The best thing about the show, apart from the uniform high quality of the acts involved, was the communal spirit. Most of the members of all the bands were hanging out and watching the music from beginning to end. As Pataphysics concluded the festivities, we observed folks from A Giant Dog furiously texting to set up a house party so they could play again that night. (We thought about going but then, in a move that contrasts our late-20's exhaustion against their limitless early-20's energy, went home and promptly fell asleep.)

I had a rough week of worrying about the increasing number of people who are going to totally misinterpret my criticism as the blog expands into print form. It felt great to hear from Austin musicians I respect that bands in these parts should be held to a higher standard. Andrew, guitarist/writer for A Giant Dog and a really thoughtful guy, has a fire in his eyes I recognize as we bemoan the low standard of songwriting in the regional indie scene. "It's Austin. It's the music town!" Dustin of ELVIS, still sweaty from the stage and succinctly between drags: "Write the truth."

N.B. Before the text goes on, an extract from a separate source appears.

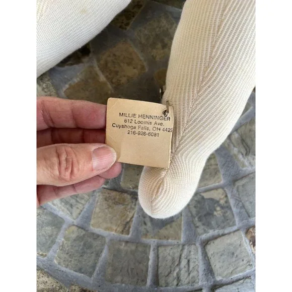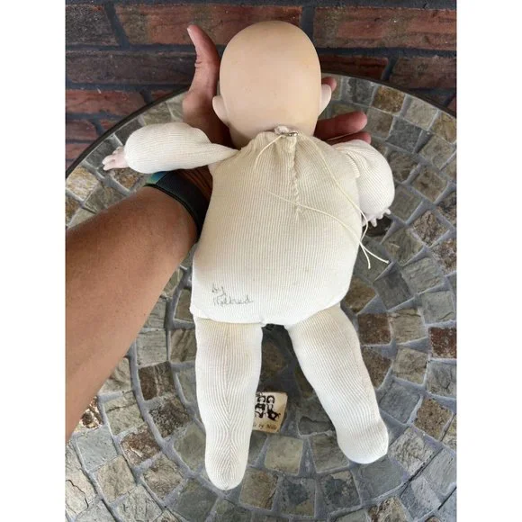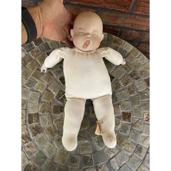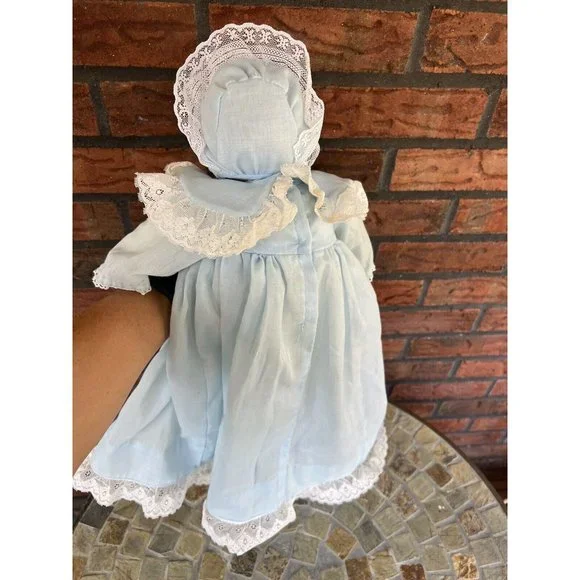 Porcelain Custom Doll Yawning Hand Made Bonnet Gown Petticoat Slip Dolls MillieDoll has porcelain head and hands; the rest is soft body.This includes everything shown.You get the doll, the bonnet, the petticoat, the dress, and pair of crocheted booties.The dress does have a few places where stitching has come loose!!Doll is about 15" long and when arms are spread wide it is about 14".I ship fast!!

Truth is every single one of these four bands is terrific and each in their own way does something specific to stand out among the limitless competition in the music town. The Bang Bang Theodores divide themselves from the punk-pop power trio rabble with vocal melodies of obvious quality and arrangements that give the songs nice peaks and valleys. Most in the style go full guns blazing from the intro to the big finish, seldom an approach that keeps a whole set list interesting. The Theodores didn't lose me for a second and it didn't hurt that they also rocked out pretty hard on stage, climbing on their equipment and shimmying nonstop. A Giant Dog seem to be at all the cool parties, but that might be a chicken-and-egg thing. Singer Sabrina is the visual focal point (and elegant indeed did she look in her old-fashioned one-piece) but the boys in the band know how to get down, too. They played this show with a guest drummer from the Bad Lovers, which was an interesting contrast from the Calliope Musicals show on Friday. Bad Lover Caleb has a different style than A Giant Dog's usual timekeeper Orville, with more and faster drumrolls, but the difference was more of a subtle thing to appreciate than a jarring change in approach. That's because A Giant Dog's style (like X if they listened to more 60's A-sides) is firmly established with songs and strong riffs that set the tone.

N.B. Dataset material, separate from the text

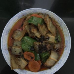 锅内少许油,热油放入姜片,放入五花肉片煸炒。
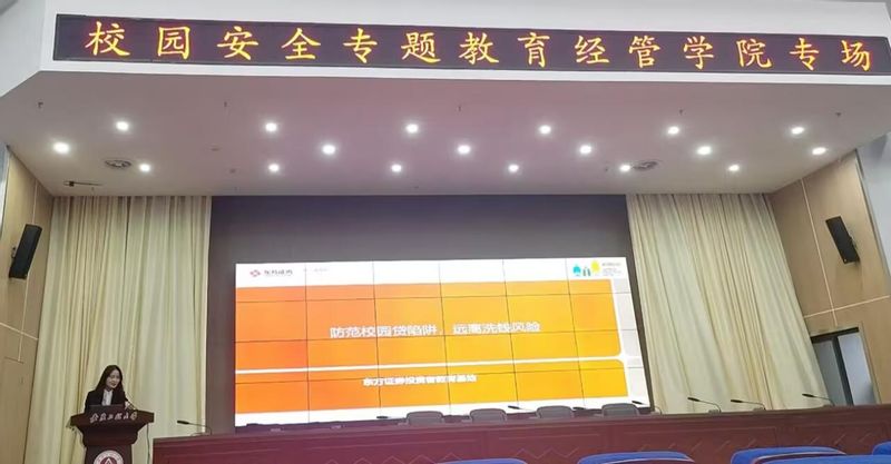在最后的投资者教育进百校活动环节,芜湖东方证券投教专员田天赐采用“真实案例+法律解读+实操建议”相结合的方式,深度剖析了校园贷的四大风险,呼吁远离洗钱犯罪,守护校园净土。她针对“无抵押、秒到账,利息低”,“分期购,零首付、无压力”等典型话术,运用真实案例揭露其背后陷阱,并给出了具体防范建议:警惕违法话术、坚持理性消费并优先选择勤工助学、遇到骚扰留存证据并告知家长和学校、主动向同学科普互助。在互动中,田天赐围绕“校园贷危害”“日常广告辨别技巧”等话题与学子们展开有奖问答环节,现场学生积极提问、踊跃发言,氛围热烈。

I had heard hushed rumors about ELVIS but didn't know what to expect from the reality. They really blew me away. Surprisingly catchy for a No Wave/performance art-influenced band, they have real songs and good ones. Their frontman likes to play the provacateur, humping the stage and fondling his barely-clothed self with Iggy/Holly Johnson reckless abandon. He's really good at it -- literally straddling the line between entertainment and discomfort, capping the post-Madonna materialism of "Double Your Wardrobe" by rhyming "record collection" with "erection" and pausing to lay big wet kisses on all his bandmates, boys and girl. This is a stage act good enough to get over by itself were the band just kind of chugging in unison in the background, but they're quite a lot more than that. The guitar playing complements the singing with different kinds of calculated obnoxiousness -- sheets of out-of-time, delayed-to-oblivion noise that build in tandem with the lyrics on one tune, then another that cheerfully plagiarizes Link Wray's "Rumble" (in a self-aware, artistic way) before grinding into another movement. Their drummer has chops and although the bass playing is frequently just one note... it's always the right note.

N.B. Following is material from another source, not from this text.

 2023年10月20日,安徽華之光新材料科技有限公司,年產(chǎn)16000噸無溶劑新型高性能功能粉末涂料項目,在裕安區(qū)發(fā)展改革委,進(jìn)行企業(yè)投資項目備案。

It's been a long time, too long, since last we saw Pataphysics. That was in the rush of late March, too, when it was hard to take a moment to process all of the different new music. Let me state more authoritatively that they write some of the very best songs in Austin. "Girl, You Make Me Feel Like a Weirdo" is genius. They have a wonderful performer for a frontman -- I'd really like to see him face off against Robert from La Snacks, possibly with David Bowie in attendance -- and each of the players feeds off his central energy in a different way, from their bassist's stoic cool to the guitar and keyboard players' sudden random dance outbursts. Their drummer has a film-skipping-frames, freeze-and-lunge way of playing that suits the band's new wave inspirations and makes him really fun to observe doing his thing. I wish he were evident on more of their recordings, because his ideas in particular make the live version of Pataphysics rather more fun than the online one.